Only your taste buds can determine if the wine is oaked to your liking. The oak falls back as you age, so make sure it's sufficient before you bottle, if not, patience, time, and some new oak. Rack em into your new carboys with new oak, leave whatever sediment you have behind and stay the course. Test for SO2 if you can, add what you need based on your Ph. If you don't have SO2 testing capabilities, use the 1/4 tsp / 6 gallon estimate.


----------



## Busabill (Mar 28, 2016)

So I just tasted it and it is not overly oakey but very delightful Damn Delicious!. I do not think I will oak it anymore so then the question becomes do I rack it and let it age for another three months or just bottle it and be done? Pros cons? It would be nice to bottle it and be done and have the wine ready but it is tempting to rack it and let it age more in bulk. Thoughts?


----------



## Johnd (Mar 28, 2016)

Whatever the level of oak is that you taste now, it'll fall back with age. Try to oak it a tad past your taste and let it come back to you in the aging process.


----------



## Busabill (Mar 28, 2016)

Ok John, sounds good. Maybe I will do a little American Oak this time as the last round was French.


----------



## Busabill (Mar 29, 2016)

Something else I am debating adding a little bit of tannin in the next round of oaking as well to the cab. I love a big bold wine with a good amount of finish but I have never played around with adding tannin before. Is it the same as with Oak? Will tannin fall back as it ages as well? Anybody have any good advice for adding tannins?


----------



## Johnd (Mar 29, 2016)

Busabill said:


> Something else I am debating adding a little bit of tannin in the next round of oaking as well to the cab. I love a big bold wine with a good amount of finish but I have never played around with adding tannin before. Is it the same as with Oak? Will tannin fall back as it ages as well? Anybody have any good advice for adding tannins?

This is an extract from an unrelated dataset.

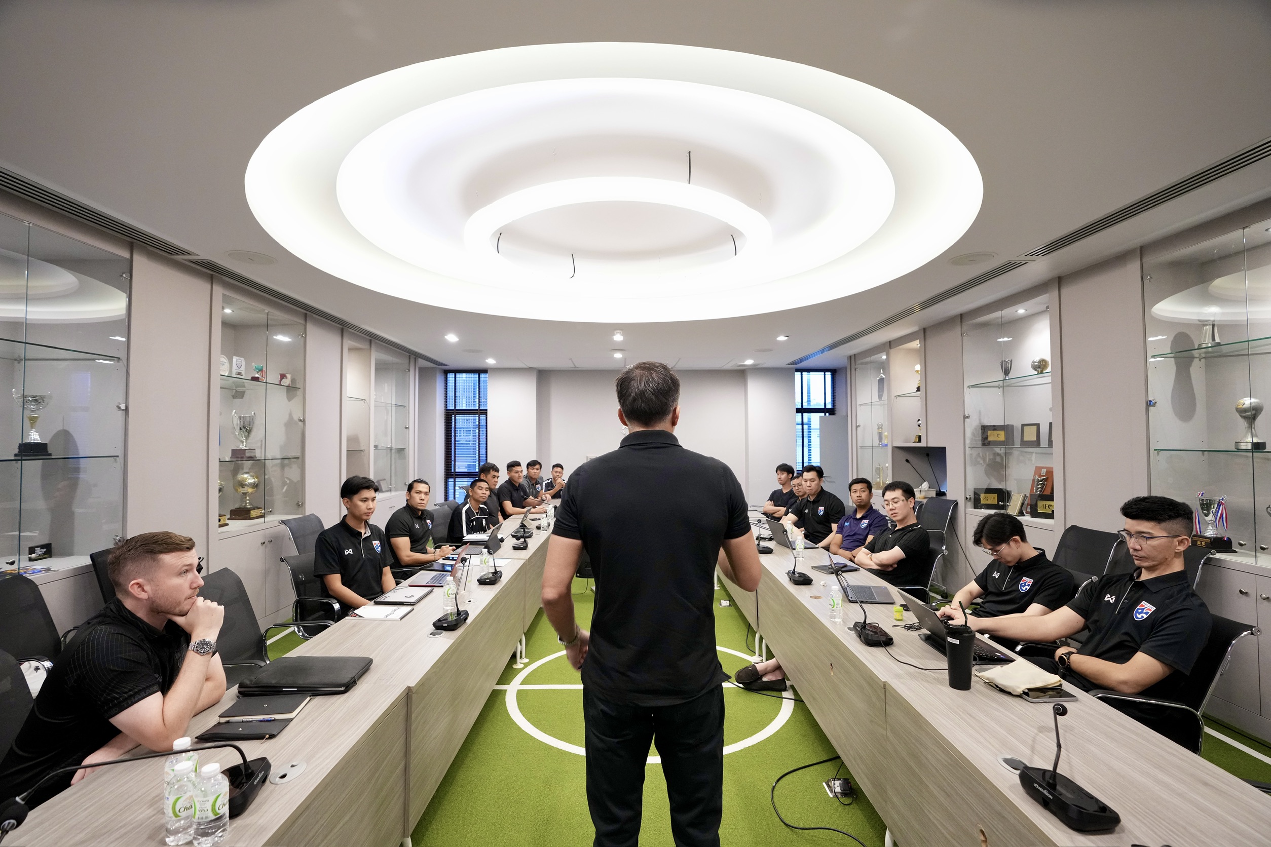 แอนโธนี ฮัดสัน หัวหน้าผู้ฝึกสอนทีมชาติไทย เรียกประชุมสตาฟโค้ชและทีมงาน เพื่อวางแผนแนวทางการทำงานเบื้องหลัง สำหรับสนับสนุนนักฟุตบอลทีมชาติไทย ให้ไปสู่เป้าหมายที่วางไว้

Tannins and oak both mellow with age, and in a great wine, the balance between the two, the fruit, and the alcohol are in harmony. I add tannins in primary fermentation to help with color retention, occasionally when I transfer to glass, but haven't done much in the finishing stages. Do some searching on the forum, there are lots of blurbs in there about tannins. I've read some good stuff here about Tannin Riche Extra as a finishing tannin, along with a couple of others. 

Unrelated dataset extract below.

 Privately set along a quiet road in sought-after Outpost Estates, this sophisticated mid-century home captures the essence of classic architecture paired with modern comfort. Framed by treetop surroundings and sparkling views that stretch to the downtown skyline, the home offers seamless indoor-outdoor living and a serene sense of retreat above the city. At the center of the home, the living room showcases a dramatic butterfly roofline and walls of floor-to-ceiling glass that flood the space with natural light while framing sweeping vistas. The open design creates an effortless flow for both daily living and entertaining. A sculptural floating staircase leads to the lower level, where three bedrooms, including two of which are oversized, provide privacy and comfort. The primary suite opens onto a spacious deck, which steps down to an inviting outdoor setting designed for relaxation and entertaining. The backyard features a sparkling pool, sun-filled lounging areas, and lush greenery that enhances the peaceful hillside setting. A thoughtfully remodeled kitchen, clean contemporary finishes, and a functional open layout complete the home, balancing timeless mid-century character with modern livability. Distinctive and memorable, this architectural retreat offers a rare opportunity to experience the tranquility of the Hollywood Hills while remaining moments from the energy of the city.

I'm certainly no expert in supplemental tannin additions, so somebody else jump in here with some time tried and tested experiences.


----------



## Busabill (Mar 29, 2016)

That is good to know, thanks, I will do a little research! I'm also debating taking a gallon of my 6 gallons of zinfandel and fortifying it to make a port, which I've never done. I know there is a port section in the forums so I'll go read up. Does anyone know if I'll run into issues doing that since I'm already in the oaking/fininshing stages with the zin? Any port advice there or things to watch for there?


----------